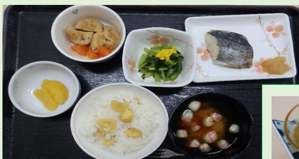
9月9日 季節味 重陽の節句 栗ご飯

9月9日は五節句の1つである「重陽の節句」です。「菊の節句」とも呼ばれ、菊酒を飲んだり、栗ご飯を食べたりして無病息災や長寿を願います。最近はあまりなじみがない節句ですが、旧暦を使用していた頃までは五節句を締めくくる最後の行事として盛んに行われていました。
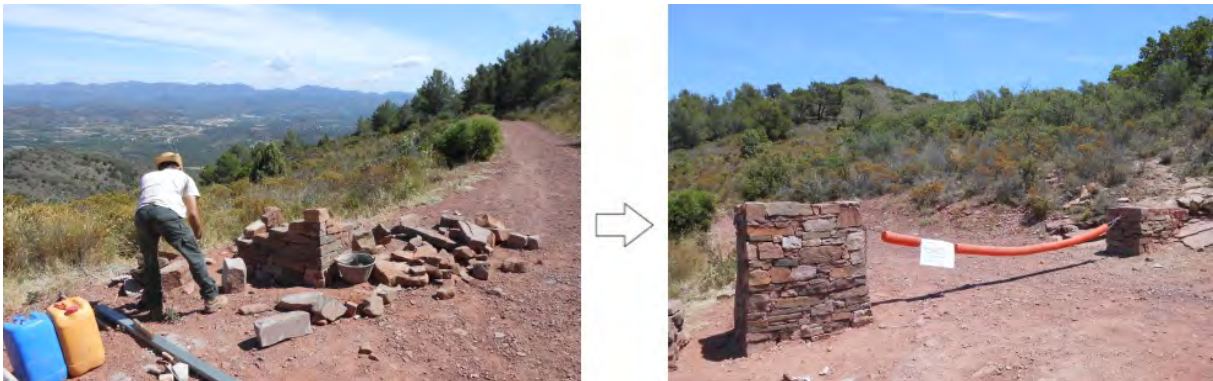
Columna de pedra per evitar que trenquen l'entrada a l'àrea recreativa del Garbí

--

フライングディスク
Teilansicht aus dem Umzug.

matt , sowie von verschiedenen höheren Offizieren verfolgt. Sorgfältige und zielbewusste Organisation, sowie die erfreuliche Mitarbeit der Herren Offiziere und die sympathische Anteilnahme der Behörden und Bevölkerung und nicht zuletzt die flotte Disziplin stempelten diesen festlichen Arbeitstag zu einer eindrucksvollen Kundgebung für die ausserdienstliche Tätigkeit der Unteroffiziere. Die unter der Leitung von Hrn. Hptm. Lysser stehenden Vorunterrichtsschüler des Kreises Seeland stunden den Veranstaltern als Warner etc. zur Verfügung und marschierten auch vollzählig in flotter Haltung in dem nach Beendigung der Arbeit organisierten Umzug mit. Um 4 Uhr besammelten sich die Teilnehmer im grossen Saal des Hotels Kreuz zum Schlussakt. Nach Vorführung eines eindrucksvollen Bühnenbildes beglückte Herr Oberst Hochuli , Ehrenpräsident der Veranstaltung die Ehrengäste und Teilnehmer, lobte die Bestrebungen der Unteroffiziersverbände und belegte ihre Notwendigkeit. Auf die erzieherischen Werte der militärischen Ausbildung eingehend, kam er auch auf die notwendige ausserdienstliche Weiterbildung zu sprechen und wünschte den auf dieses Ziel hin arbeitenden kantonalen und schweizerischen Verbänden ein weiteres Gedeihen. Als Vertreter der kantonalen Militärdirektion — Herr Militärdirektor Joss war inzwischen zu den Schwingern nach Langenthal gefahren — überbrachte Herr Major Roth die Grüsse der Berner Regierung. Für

==

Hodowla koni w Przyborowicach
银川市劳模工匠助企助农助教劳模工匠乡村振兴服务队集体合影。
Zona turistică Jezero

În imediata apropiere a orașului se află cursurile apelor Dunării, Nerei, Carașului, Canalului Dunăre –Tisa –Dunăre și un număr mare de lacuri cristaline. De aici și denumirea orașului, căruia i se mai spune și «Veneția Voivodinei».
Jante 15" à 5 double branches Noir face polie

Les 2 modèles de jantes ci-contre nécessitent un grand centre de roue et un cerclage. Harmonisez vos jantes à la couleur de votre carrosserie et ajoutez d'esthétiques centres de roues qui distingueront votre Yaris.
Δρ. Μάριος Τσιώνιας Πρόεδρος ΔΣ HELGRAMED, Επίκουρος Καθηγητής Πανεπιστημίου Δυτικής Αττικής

> _What the task asks_
Copy out every line in the listing where the word "Umzug" appears.

> _Result of the exercise_
Teilansicht aus dem Umzug.
matt , sowie von verschiedenen höheren Offizieren verfolgt. Sorgfältige und zielbewusste Organisation, sowie die erfreuliche Mitarbeit der Herren Offiziere und die sympathische Anteilnahme der Behörden und Bevölkerung und nicht zuletzt die flotte Disziplin stempelten diesen festlichen Arbeitstag zu einer eindrucksvollen Kundgebung für die ausserdienstliche Tätigkeit der Unteroffiziere. Die unter der Leitung von Hrn. Hptm. Lysser stehenden Vorunterrichtsschüler des Kreises Seeland stunden den Veranstaltern als Warner etc. zur Verfügung und marschierten auch vollzählig in flotter Haltung in dem nach Beendigung der Arbeit organisierten Umzug mit. Um 4 Uhr besammelten sich die Teilnehmer im grossen Saal des Hotels Kreuz zum Schlussakt. Nach Vorführung eines eindrucksvollen Bühnenbildes beglückte Herr Oberst Hochuli , Ehrenpräsident der Veranstaltung die Ehrengäste und Teilnehmer, lobte die Bestrebungen der Unteroffiziersverbände und belegte ihre Notwendigkeit. Auf die erzieherischen Werte der militärischen Ausbildung eingehend, kam er auch auf die notwendige ausserdienstliche Weiterbildung zu sprechen und wünschte den auf dieses Ziel hin arbeitenden kantonalen und schweizerischen Verbänden ein weiteres Gedeihen. Als Vertreter der kantonalen Militärdirektion — Herr Militärdirektor Joss war inzwischen zu den Schwingern nach Langenthal gefahren — überbrachte Herr Major Roth die Grüsse der Berner Regierung. Für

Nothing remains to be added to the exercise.